INSTRUCTIONS FOR THE TASK: Write out the listing from the line with "There remains no" to the line with "Thame Gompa on", both lines included, exactly and nothing beyond. Leave pictures out.

SUPPLIED DATA:
%%

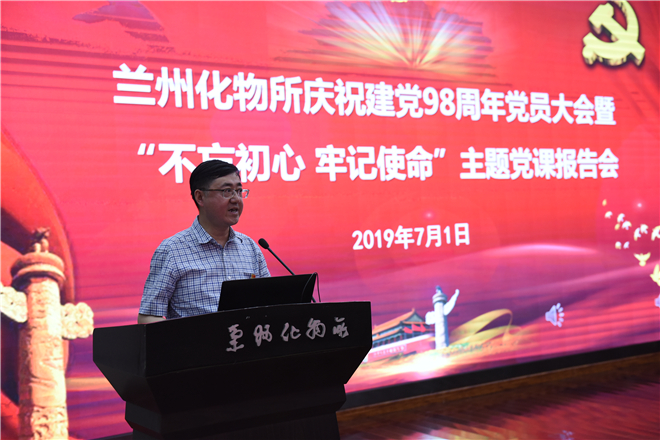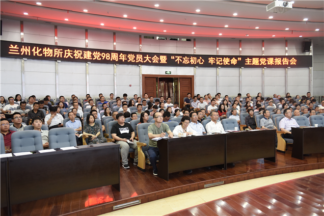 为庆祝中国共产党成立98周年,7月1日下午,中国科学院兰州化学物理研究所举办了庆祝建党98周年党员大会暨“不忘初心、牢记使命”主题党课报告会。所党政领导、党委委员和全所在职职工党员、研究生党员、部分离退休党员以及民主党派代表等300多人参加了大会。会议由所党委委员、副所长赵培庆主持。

%%
%%

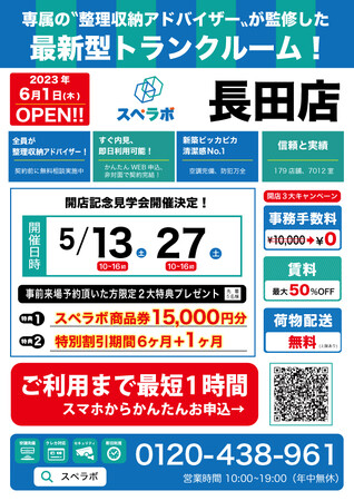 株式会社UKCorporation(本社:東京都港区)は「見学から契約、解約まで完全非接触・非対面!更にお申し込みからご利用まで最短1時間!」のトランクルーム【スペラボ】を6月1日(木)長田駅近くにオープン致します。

%%
%%

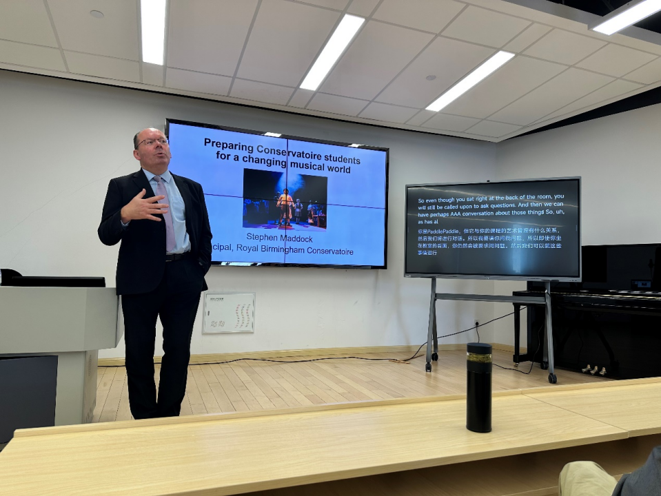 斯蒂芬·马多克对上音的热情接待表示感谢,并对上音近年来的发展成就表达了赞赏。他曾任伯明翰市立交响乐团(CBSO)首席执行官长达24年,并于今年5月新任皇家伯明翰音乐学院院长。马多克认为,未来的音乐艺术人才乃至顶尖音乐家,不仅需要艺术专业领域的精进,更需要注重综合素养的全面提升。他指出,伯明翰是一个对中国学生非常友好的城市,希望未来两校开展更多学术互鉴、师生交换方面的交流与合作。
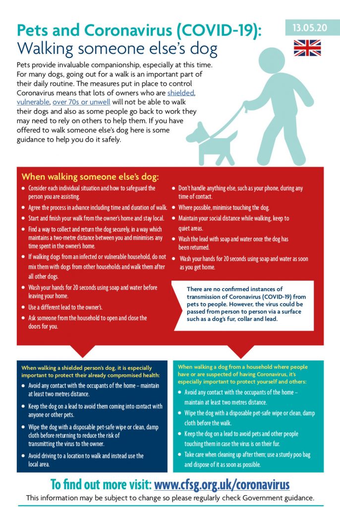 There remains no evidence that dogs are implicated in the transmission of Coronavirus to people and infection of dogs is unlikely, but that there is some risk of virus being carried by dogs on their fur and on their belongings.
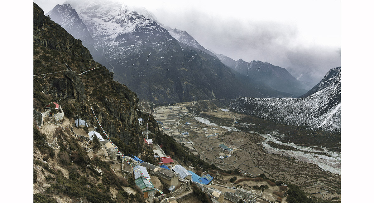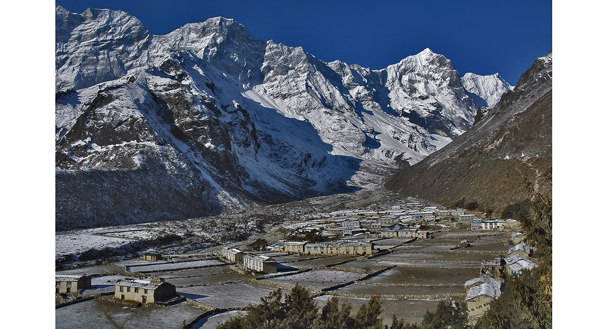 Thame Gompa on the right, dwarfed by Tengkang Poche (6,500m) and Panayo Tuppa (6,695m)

%%

RESULT OF THE TASK:
 There remains no evidence that dogs are implicated in the transmission of Coronavirus to people and infection of dogs is unlikely, but that there is some risk of virus being carried by dogs on their fur and on their belongings.
 Thame Gompa on the right, dwarfed by Tengkang Poche (6,500m) and Panayo Tuppa (6,695m)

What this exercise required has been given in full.